Structure and Function

• Composition: Composed of proteins known as nucleoporins that create a complex structure.

• Size: Each pore has a diameter of approximately 120 nm, allowing passive diffusion of small molecules while regulating the passage of larger molecules.

• Transport Mechanism: Molecules transport through nuclear pores can be passive or active. Small molecules and ions can passively diffuse, while larger molecules require specific transport mechanisms that often involve signaling sequences.

Nuclear Localization Signals (NLS)

Nuclear Localization Signals (NLS) are short peptide sequences that facilitate the import of proteins into the nucleus. They are essential for ensuring that proteins required for nuclear functions are available within the nuclear compartment.

Key Points

• Composition: Typically consists of basic amino acids (lysine and arginine) that interact with the import machinery.
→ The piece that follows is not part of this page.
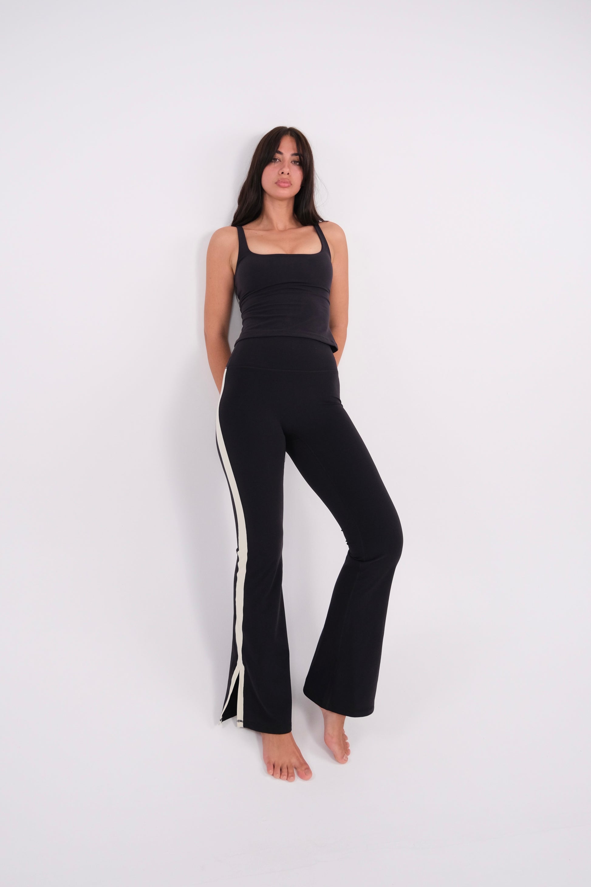 Designed with the same flattering, high-waisted fit you love, the Side Stripe Flares feature a contrast side stripe and a subtle slit for a sharper, more refined silhouette. Soft and stretchy, but intentionally flattering, they’re made to feel a little more dressed-up than the original, without sacrificing comfort.
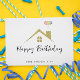 Gul hus med ballonger Grattis på födelsedagen Fast Vykort

• Recognition: Importin proteins recognize NLS sequences and bind to them.

• Transport: The importin-NLS complex is transported through the nuclear pore complex into the nucleus, where the importin is released, allowing the protein to function within the nucleus.
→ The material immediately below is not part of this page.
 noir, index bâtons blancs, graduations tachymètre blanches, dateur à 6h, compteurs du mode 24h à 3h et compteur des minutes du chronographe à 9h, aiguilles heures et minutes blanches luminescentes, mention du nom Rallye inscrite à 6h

Simplified RAN/Importin Transport Mechanism

The RAN/Importin transport system helps proteins move into the nucleus through nuclear pores.
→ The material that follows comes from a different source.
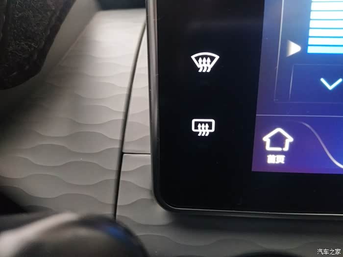 另外,上车之后在中控屏左侧最下面有一个后风挡加热按钮

Steps of the RAN/Importin Process

1. Importin Binding: Importins find and attach to proteins with Nuclear Localization Signals (NLS) in the cytoplasm, creating a transport complex.

2. Transport through Nuclear Pores: This complex travels through the nuclear pore into the nucleus.

3. RAN-GTP Binding: Inside the nucleus, it meets RAN, a protein that is linked to GTP (RAN-GTP), which is more abundant there than in the cytoplasm.

4. Dissociation of Complex: RAN-GTP binds to importin, causing it to release the cargo protein within the nucleus.

5. Export of Importin: The complex of RAN-GTP and importin exits back to the cytoplasm through the nuclear pore.

6. RAN-GAP Hydrolysis: In the cytoplasm, a protein called RAN-GAP helps convert RAN-GTP to RAN-GDP (without the phosphate), allowing importin to detach and be recycled for new transport.

Importance

• This process makes sure proteins that need to be in the nucleus get there to carry out their important jobs, keeping the cell functioning properly.

Nuclear Matrix and Lamina

Nuclear Matrix

The nuclear matrix is a framework of fibers found within the nucleus of eukaryotic cells. It provides structural support and helps organize the interior of the nucleus.

Key Features:

• Composition: Consists of proteins and nucleic acids, forming a network that helps maintain the shape of the nucleus.

• Functions:

  • Organizes chromatin and gene expression.

  • Plays a role in DNA replication, transcription, and RNA processing by anchoring nuclear components in specific locations.

Nuclear Lamina

The nuclear lamina is a dense fibrillar network located just beneath the inner membrane of the nuclear envelope. It is primarily composed of intermediate filament proteins called lamins.

Key Features:

• Structure: Composed of lamins A, B, and C, which are proteins forming a mesh-like structure.

• Functions:

  • Provides mechanical support to the nuclear envelope, maintaining the shape of the nucleus.

  • Involved in organizing chromatin and regulating gene expression.

  • Plays a crucial role during cell division by disassembling and reassembling with the nuclear envelope.